High levels of fat reserves increase the chance of heart and circulatory disease and type 2 diabetes, and possibly also rheumatism and some types of cancer.
Dr Rinke Stienstra of the Division of Human Nutrition explains that this is because large fat reserves cause continuous inflammation in the body. If fat layers grow, they attract more immune cells. The immune cells in turn emit inflammatory proteins such as TNF-alpha and interleukin-6, which can cause furring up of the arteries and diabetes.
Stienstra wanted to find out whether thick fat deposits always spark off more inflammatory activity, so he fattened mice and then gave them the anti-diabetic medicine rosiglitazone for a week. Rosiglitazone attaches itself in fat cells to the protein PPAR, which normally reacts to healthy unsaturated fatty acids and their metabolites. Giving rosiglitazone therefore gives an indication of what happens in a fat belly that is not composed of unhealthy fats in butter for example, but of the healthy fats in sunflower oil.

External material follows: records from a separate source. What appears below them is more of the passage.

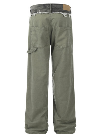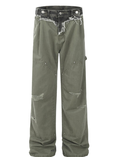 Men's Patchwork Distressed Frayed Hem Pants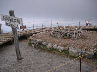 雷鳴が近くで聞こえ 時折 小雨の状態では 山頂で のんびりもできず、 丸石避難小屋まで 一気に下る。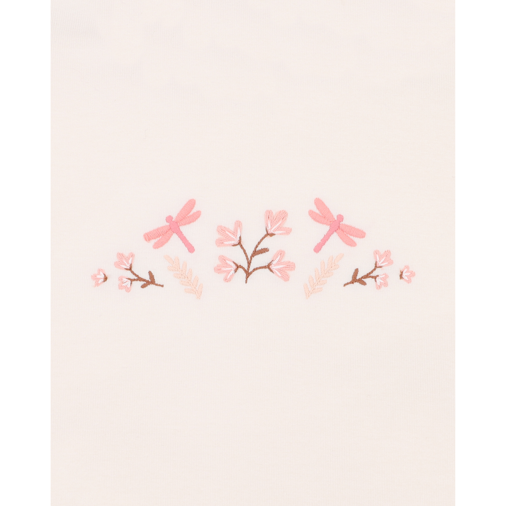 Soft cream tone with embroidered dragonflies and blossoms

Stienstra discovered that stimulating PPAR could not prevent immune cells from transferring to the fat reserves. 'On the contrary, the number of immune cells increased spectacularly after stimulating the protein,' says Stienstra's supervisor Dr Sander Kersten. 'What was interesting was that the only immune cells involved were of a type that probably has no detrimental effects on health. They are the same immune cells as you find in muscles and small and healthy fat tissue in thin people.'
The immune cells manufacture fewer inflammatory proteins and more proteins like interleukin-10 and arginase-1, which promote the growth and development of tissue. 'Probably these benign immune cells stimulate the growth of fat tissue as well, so they are better able to store fatty acids,' concludes Kersten. 'In this way they prevent fatty acids from roaming around the body and causing damage.'
Rinke Stienstra received his PhD on 18 June. His promotor was Professor Michael Muller, chair of Nutrition, Metabolism and Genomics.
Resource, 21 juni 2007.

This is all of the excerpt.